I like these guys there early work kil, i have there lp how to kill quite brutal rendition of primal sludge
hint of black sabbath can be heard on there official nort american debut maximun money monster, than there is the excellent ''total castration'' ideal when you feel angry, follow by en e.p called ''nai-ha'' one of there best in my eyes, than we have (dramatic drum rolls) a tribute to death metal by the sludge behemot from the land of rising sun '' desire for agony'' yeah love this stuff

The two other album are more conceptual more proggy freedom bandage and 10000 light year aways..love these guys, see i dont lisen to zeni geva at maximun volume i would annoy my neighbor im a respectable gentelmen beside fews ultra heavvy sludge legend zeni geva, gore, godflesh i ardly lisen to heavy stuff. Because these band are art school...

But i still lisen to some old sabbath too, so i guess im a classic guys overall...

Any fan of these japanese legens here, forget swans, there not that musical for primal sludge, but zeni geva is math rock, prog-ish, try there music.

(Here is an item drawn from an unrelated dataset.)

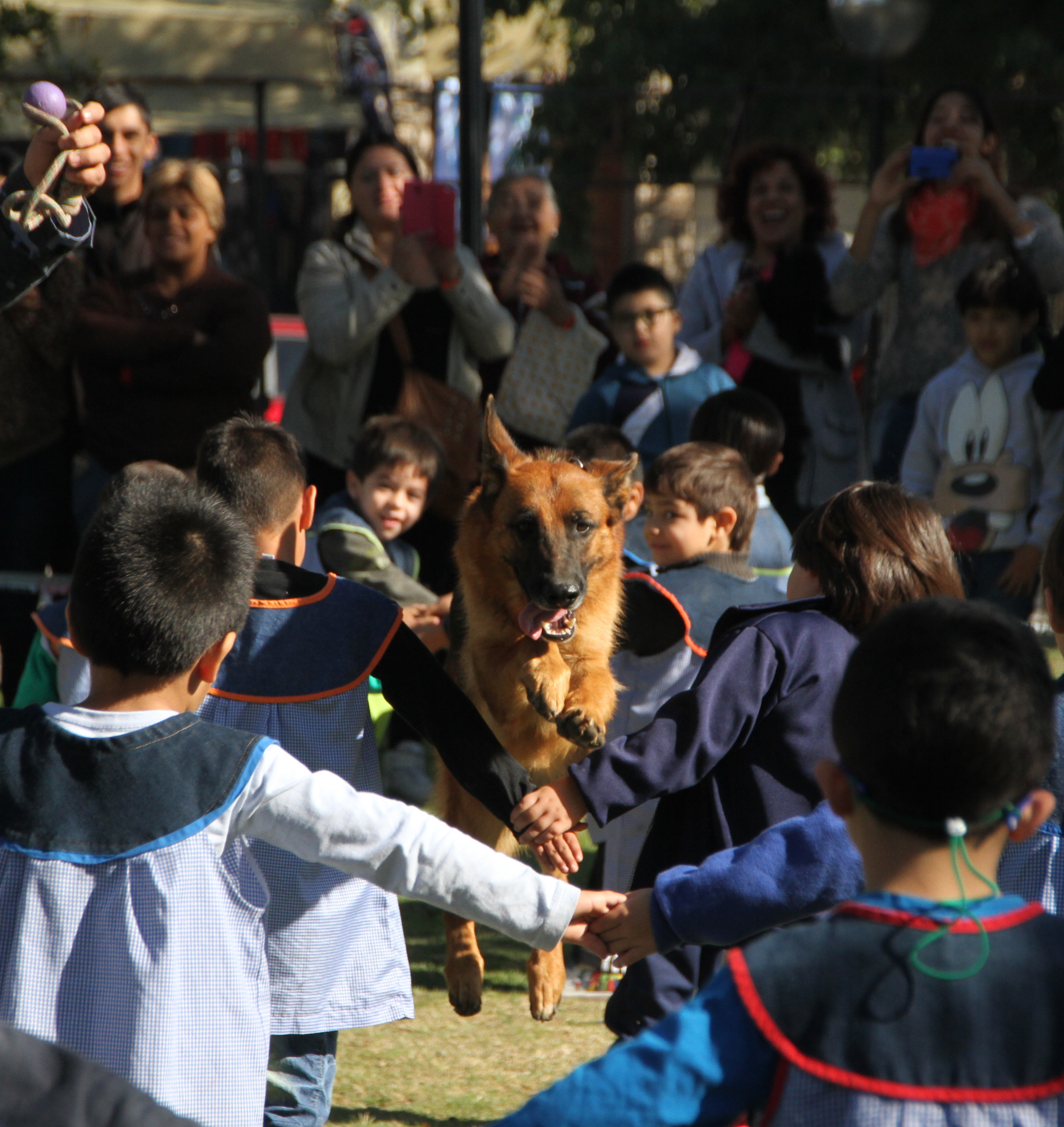 Un desfile de alumnos del ENI 42 con sus mascotas y una exhibición de acrobacias de perros de la Policía, fueron la función principal para conmemorar ayer el Día del Animal en la plaza Centenario, de Villa Krause. La iniciativa de la Municipalidad de Rawson apuntó a través de estas actividades concientizar sobre le tenencia responsable de mascotas.
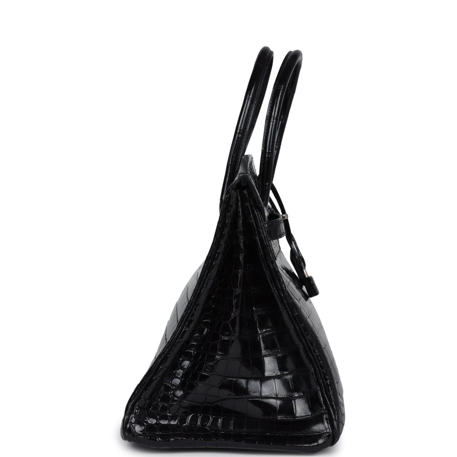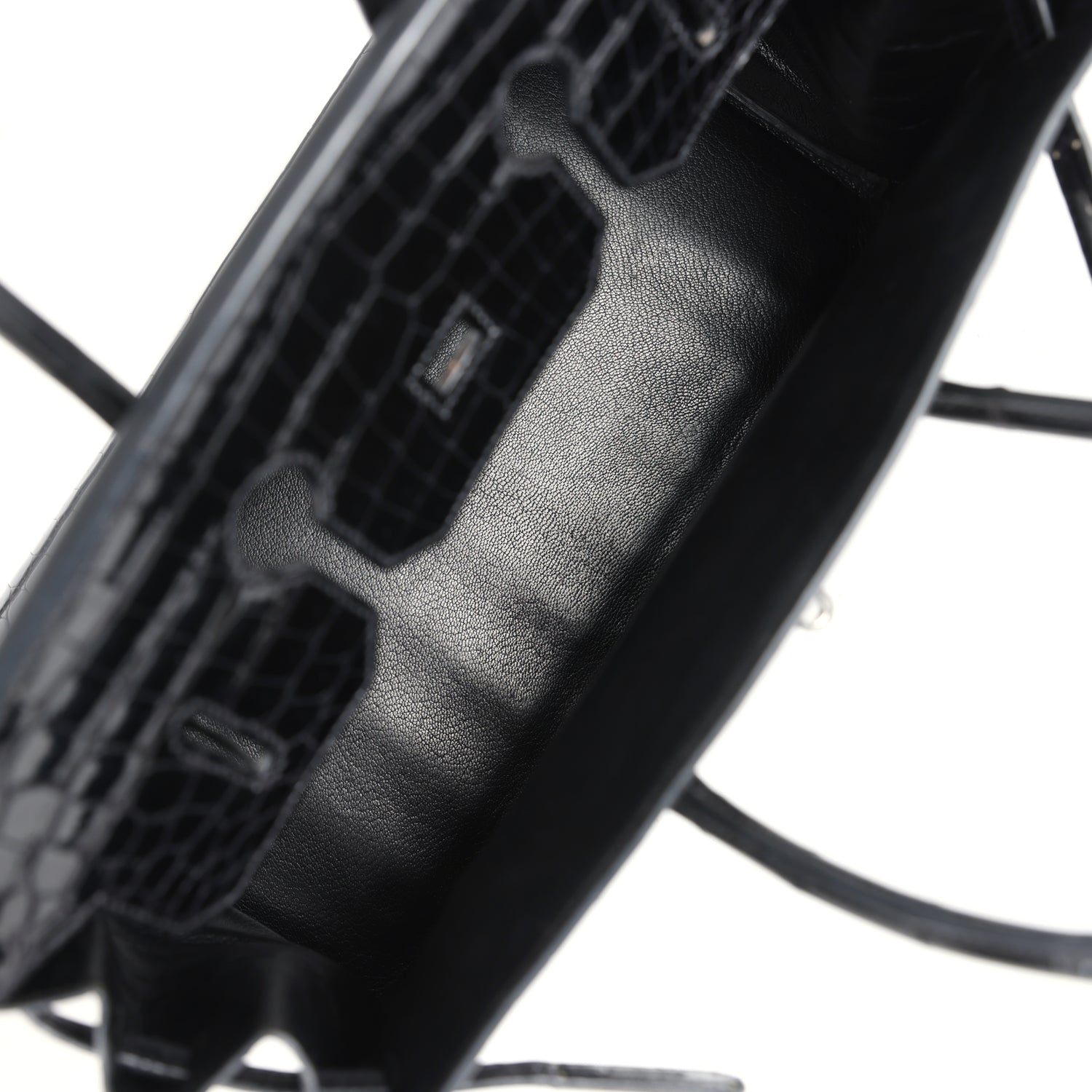 This Birkin is of Black shiny Porosus crocodile with palladium hardware and features tonal stitching, front flap, two straps with center toggle closure, clochette with lock and two keys, and double rolled handles.

Sayonara TC people and tonight one of my post got shredded for no reason i dont get it, you shawll not complaint against your persecutor, what kind of garbage this is tolered tyrants, but anyway.This detail is futile


----------



## ST4 (Oct 27, 2016)

Wow, they sound quite good. I love sludge/doom and extreme metal. I see you like Swans, Godflesh, Black Sabbath too! Awesome deprofundis! I've been getting back into a little metal lately :tiphat:

I'm listening to Zeni Geva's first album now


----------



## deprofundis (Apr 25, 2014)

Great to see some people are into the same stuff i am ST4, you seem like a cool person, nice to know people like you exist, thus meaning into classical and experimental heavy weight of sludge, i like some electro too the classic Jean-michel Jarre, more so vangelis , darkwave band of fame or obscurity like DcD , Arcana ,early Delerium the first 4 album before it turn pop format.And many obscur music i have vaudou music and world beat, celtic pop like lorena mckennit ect

Take care you support is appreciated.


----------